The Next Generation of Creatives Shaping the Future of Music, Culture, and Entertainment
In partnership with MPT Agency
By Kara Markley
XTINE

Image courtesy XTINE
Most debut albums arrive with a disclaimer — the promise that the best is still to come, that the artist is still finding their voice. XTINE’s All The Ways We Loved, released recently on April 10, comes with no such caveat. The 14-track project sounds like the work of someone who has already spent years in conversation with her craft, because she has. She discovered GarageBand at 11 during a difficult school transition, and by 12 she was writing and producing her own material. Not demos. Not sketches. Fully realised songs, built from the ground up, by a kid who’d found the one thing that made sense when nothing else did. Three singles preceded the album across early 2026: “Back Then,” “Held Me Right,” and “I Remember”, each one peeling back a different layer of the emotional architecture the album would eventually reveal in full. “I Remember” opened with spare piano before building into something structurally ambitious, cycling between vulnerability and momentum, treating restraint not as a limitation but as a compositional choice. By the time the full album arrived, listeners who’d been paying attention already understood: every release was a chapter, and the story was always heading here.
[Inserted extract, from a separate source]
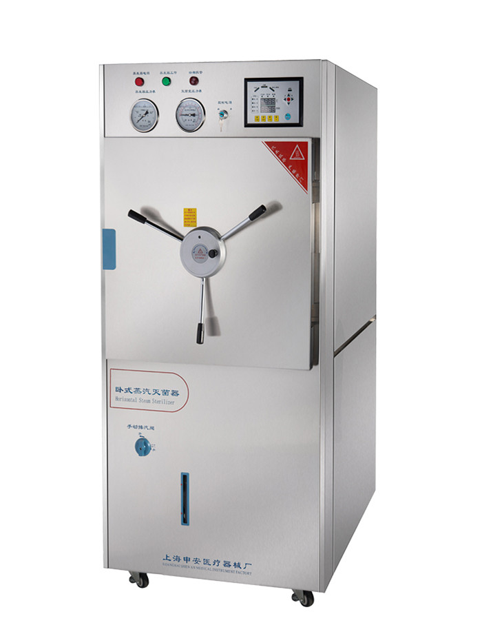 卧式蒸汽灭菌器产品属于压力容器受控产品,符合国家对压力容器设计与制作的相关规定,是我厂研制开发的新一代卧式压力蒸汽灭菌器,其结构先进可靠,具有快捷简便的操作方式和功能齐全的控制系统,在安全控制上;具有超压自泄、断水保护、超温自控的数套安全联锁的装置。本品操作系统采用先进的微机自动处理技术,灭菌运行过程

Collaborations with producer Megan Wilde sharpen the sonic palette without compromising the intimacy that defines XTINE’s voice. Her delivery is grounded and precise, she doesn’t oversing, doesn’t reach for drama, and lets the emotional weight of each lyric land on its own terms. The record covers love, loss, and the complicated territory between them without romanticising any of it, the kind of honesty that only comes from someone who has never written to impress, only to process.
What separates XTINE from the crowded alt-pop landscape isn’t volume, it’s intentionality. The visual world matches the music: monochrome, cinematic, emotionally controlled. In an era where most emerging artists are optimising for the algorithm, XTINE is building like she’s already been found and is now deciding exactly what to do with the attention. With All The Ways We Loved, XTINE hasn’t just introduced herself — she’s offered a clear sense of her artistic direction, with more still to come.
Lexa

Image courtesy of Lexa
Aliya Aliyeva, known as Lexa, is an Azerbaijani singer-songwriter and Berklee College of Music alumna whose career was set in motion by a single moment in primary school — when a music teacher told her, in front of her classmates, that she should never sing again. Aliyeva chose to redirect that moment outward — toward anyone who tried to define her future.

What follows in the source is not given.